The proposal would establish uniform standards across local boards of health across the commonwealth, including credentialing standards for health officials and training. This aims to accelerate the provision in the original SAPHE law that calls on DPH to develop minimum standards for public health services in consultation with local and regional officials.

The bill also requires that boards of health increase their capacity to meet the standards, including through service sharing agreements or regional health departments. Worcester’s Division of Public Health, for example, serves as the lead agency of the Central Massachusetts Regional Public Health Alliance that represents Grafton, Holden, Leicester, Millbury, Shrewsbury and West Boylston, in addition to Worcester Worcester.

The alliance works together on community health campaigns, environmental health, emergency preparedness, nursing and epidemiology. The alliance has also coordinated on sorting through complaints about COVID-19 compliance and enforcing Baker’s executive orders.

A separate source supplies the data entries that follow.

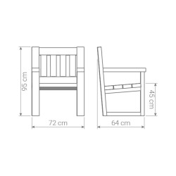Hauteur 95 cm, hauteur d’assise inclinée 45 cm, Longueur 72 cm
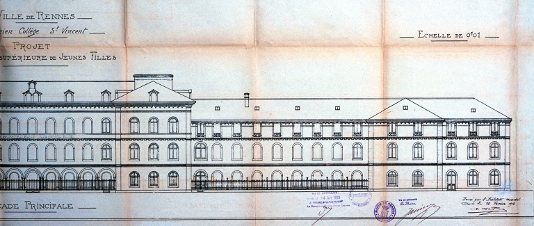 Pension Brecha, dite pensionnat de la Barre-Saint-Just, collège Saint-Vincent-de-Paul, école primaire supérieure et professionnelle de jeunes filles, actuellement lycée Jean Macé, 12 rue Jean-Macé (Rennes),
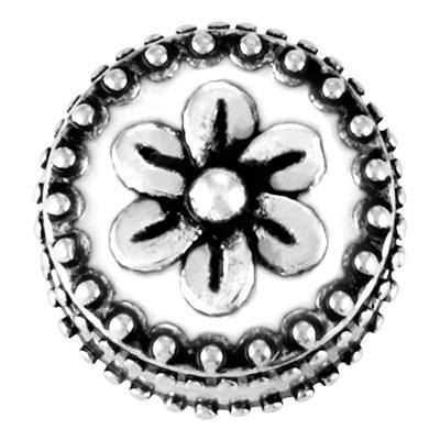 11x11mm white enamel graceful slider charm. These slide charms work with 1 strand of 5mm flat leather or 2 strands of 2mm round leather. Mix and match to create easy and stylish bracelets! Rhodium plated.
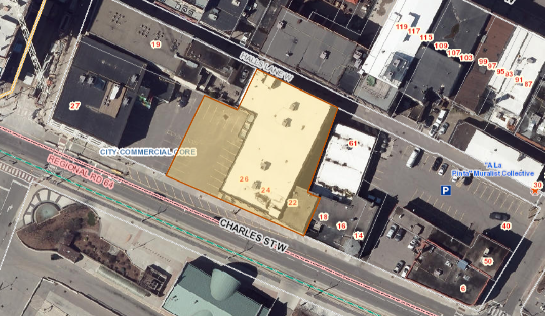 (03-21-2022, 03:15 PM)taylortbb Wrote: To make this clearer, here's the property boundaries from the Kitchener GIS system. It's half the parking lot, and both the 24 and 22 Charles St W buildings (which I understand to be pretty much one building internally). Based on looking at the ownership data I don't think In8 owns any of the adjacent properties.
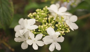 Der Gefüllte Schneeball 'Watanabe' (Viburnum plicatum) ist ein aufrechter, breiter, rundlicher Kleinstrauch, der weisse, in Trugdolden angeordnete Blüten mit einem starken Duft hervorbringt. Sie erscheinen von Juli bis August. Bei richtiger Pflege blüht der Gefüllte Schneeball 'Watanabe' erneut von Oktober bis November. An einem sonnigen bis halbschattigen Standort mit humosem, nährstoffreichem Boden erreicht er gewöhnlich eine Höhe von ca. 2 m und wird ca. 1,8 m breit.
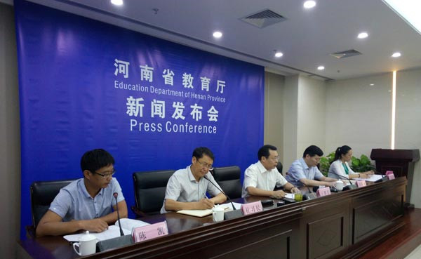 8月23日上午9時,河南省教育廳召開新聞通氣會,通報了《河南省深化考試招生制度改革實施方案》(以下簡稱《方案》)的有關(guān)情況?! “凑铡斗桨浮芬?,我省從2018年秋季入學的普通高中一年級學生開始啟動高考綜合改革,考生總成績由統(tǒng)一高考的語、數(shù)、外3科成績和高中學業(yè)水平3個選考科目成績組成。招生錄取實行基于統(tǒng)一高考成績和高中學業(yè)水平考試成績、參考學生綜合素質(zhì)評價擇優(yōu)錄取機制?! ?strong>總體目標 到2020年,初步形成分類考試、綜合評價、多元錄取的考試招生模式,進一步健全促進公平、科學選才、監(jiān)督有力的體制機制,構(gòu)建順應(yīng)時代要求、符合教育規(guī)律和河南省情的考試招生制度?! ?strong>主要任務(wù)
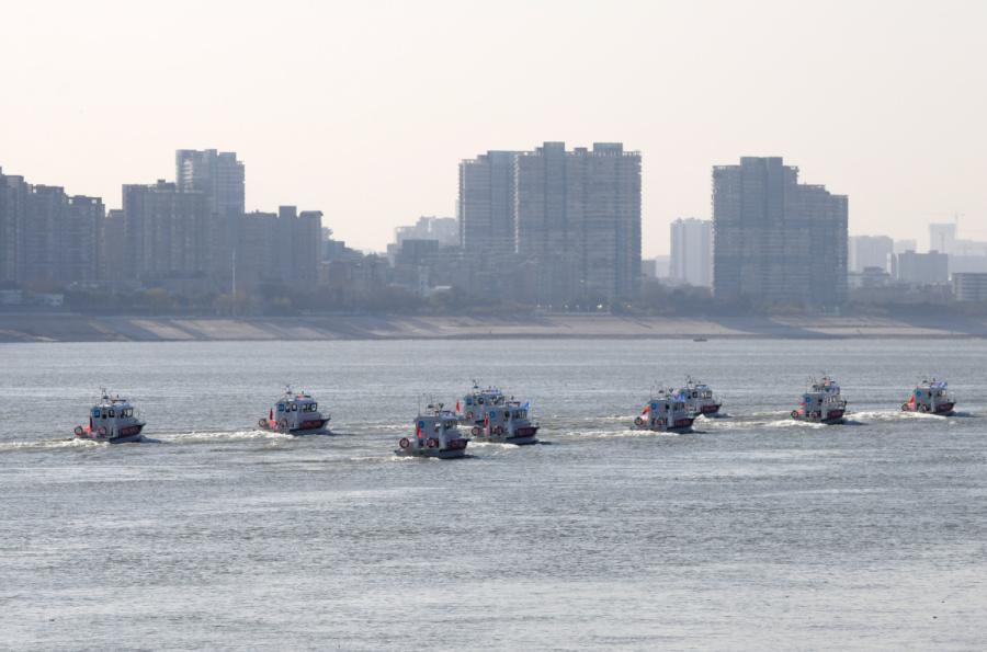 Patrol boat crews check the Yangtze River in Wuhan, Hubei province, last month after the introduction of a 10-year fishing ban on the waterway.(Photo/Xinhua)

The provision directing DPH to create a uniform data collection and reporting system calls upon the state agency to implement a way to collect data on a broad set of issues that boards of health address. Health officials do submit COVID-19 data through MAVEN, the Massachusetts Virtual Epidemiologic Network, but local health officials do not have a uniform way to collect, track and share data on other work they’re doing.

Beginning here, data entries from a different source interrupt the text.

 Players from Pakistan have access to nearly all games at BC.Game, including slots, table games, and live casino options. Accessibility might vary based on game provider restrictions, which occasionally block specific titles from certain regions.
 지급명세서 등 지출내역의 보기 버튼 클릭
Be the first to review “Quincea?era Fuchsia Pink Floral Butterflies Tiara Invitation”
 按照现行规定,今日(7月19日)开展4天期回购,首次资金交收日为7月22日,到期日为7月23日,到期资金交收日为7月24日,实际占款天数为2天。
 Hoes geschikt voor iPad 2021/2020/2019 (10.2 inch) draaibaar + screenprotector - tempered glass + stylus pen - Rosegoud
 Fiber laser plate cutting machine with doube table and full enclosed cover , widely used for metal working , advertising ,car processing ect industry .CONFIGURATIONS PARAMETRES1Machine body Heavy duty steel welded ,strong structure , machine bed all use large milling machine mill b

The bill also contains a provision to create a dedicated funding source for boards of health, like public schools and libraries do. The provision comes as the state is looking for new revenue for fear of a major spending gap, but coalition members say having a dedicated funding source could have helped the state save money in its response to the coronavirus pandemic.

One example local health officials and Comerford noted was the Contact Tracing Collaborative with Partners in Health, which still required help from local public health officials.

“We had no ability to do anything but that was because we didn’t have a public health infrastructure that could take it,” said Comerford, adding COVID-19 contact tracing efforts weren’t fast or efficient enough. “Had we had a structure we could invest in, we could have bolstered that structure, strengthened it, turned that money toward our local boards of health.”

The bill drew input from local health officials from across the state, from Phoebe Walker, director of Community Services for the Franklin Regional Council of Governments, to Damon Chaplin, director of the New Bedford Health Department.

Chaplin raised concerns in July that the southeastern Massachusetts city was seeing an undercount of coronavirus cases, particularly among Latino and Black residents who worry about surprise bills in the mail even though COVID-19 tests are supposed to be covered by insurance.

“It’s come to life because of the lived experience and expertise of local and regional public health officials,” said Comerford, who is also chair of the Senate’s COVID-19 working group. “That’s not always how this works.”